Task to complete
Repeat the listing exactly. Pictures stay out of your copy.

Source data

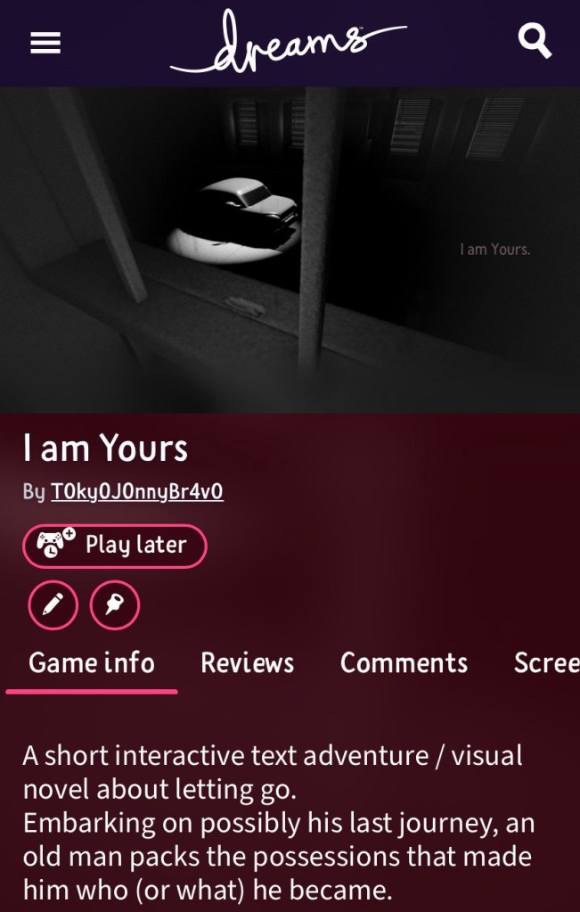 The story– I am Yours is about an old man embarking on possibly his last journey packing the remaining belongings that made him who (or what) he became. Without spoiling anything, there is a much, much bigger story to uncover. Ironically it was the first game I tried to make, which is now slowly progressing again.
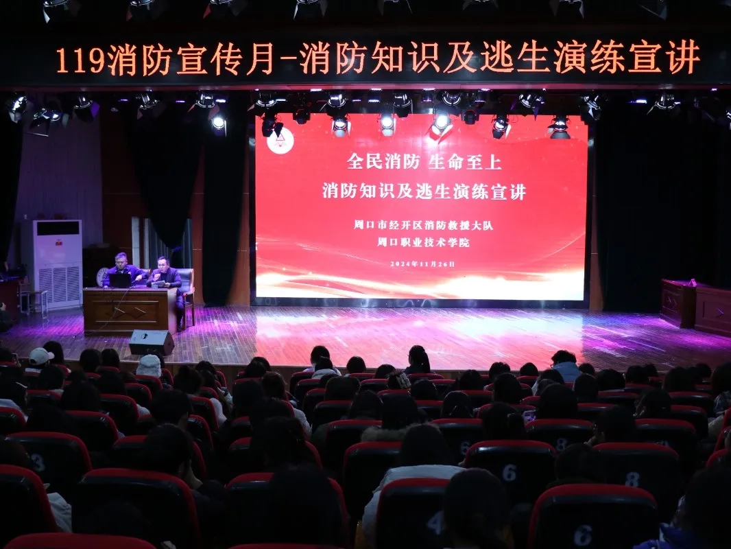为加强我院师生的消防安全意识,掌握消防安全知识,提高应对突发事件的应急应变和协调配合能力,11月26日下午,周口市经开区消防救援大队在砺德厅开展“全民消防 ,生命至上” 消防知识及逃生演练宣讲。文化旅游学院教师和学生参与本次演练宣讲。
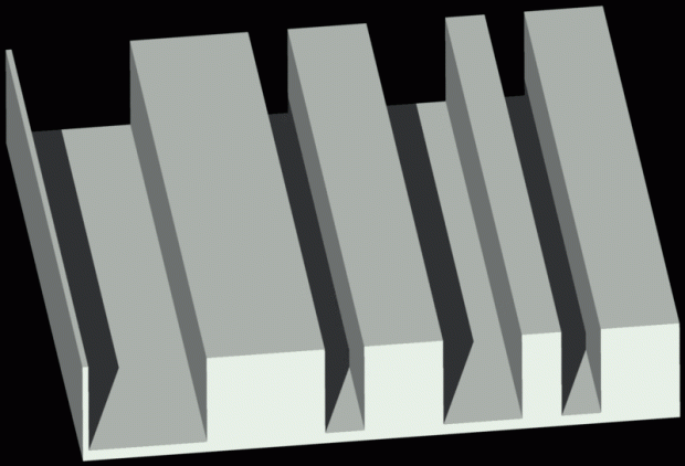 The Model D was an even greater departure. It began with a Maximum Length Sequence (MLS) concept that first changed the varied straight channels into rings of different dimensions. These rings then broke from the MLS mold by getting varied height profiles based on the QRD sequence. As if having different size rings at different heights wasn’t enough… the randomness was further perpetuated through a Boolean process of assigning certain rings a random property that would either add or subtract height from any other ring that they crossed. Finally, the entire surface geometry was smoothed using a bicubic interpolation, creating the organic undulating surface which gracefully spans the entire profile.

Output
 The story– I am Yours is about an old man embarking on possibly his last journey packing the remaining belongings that made him who (or what) he became. Without spoiling anything, there is a much, much bigger story to uncover. Ironically it was the first game I tried to make, which is now slowly progressing again.
为加强我院师生的消防安全意识,掌握消防安全知识,提高应对突发事件的应急应变和协调配合能力,11月26日下午,周口市经开区消防救援大队在砺德厅开展“全民消防 ,生命至上” 消防知识及逃生演练宣讲。文化旅游学院教师和学生参与本次演练宣讲。
 The Model D was an even greater departure. It began with a Maximum Length Sequence (MLS) concept that first changed the varied straight channels into rings of different dimensions. These rings then broke from the MLS mold by getting varied height profiles based on the QRD sequence. As if having different size rings at different heights wasn’t enough… the randomness was further perpetuated through a Boolean process of assigning certain rings a random property that would either add or subtract height from any other ring that they crossed. Finally, the entire surface geometry was smoothed using a bicubic interpolation, creating the organic undulating surface which gracefully spans the entire profile.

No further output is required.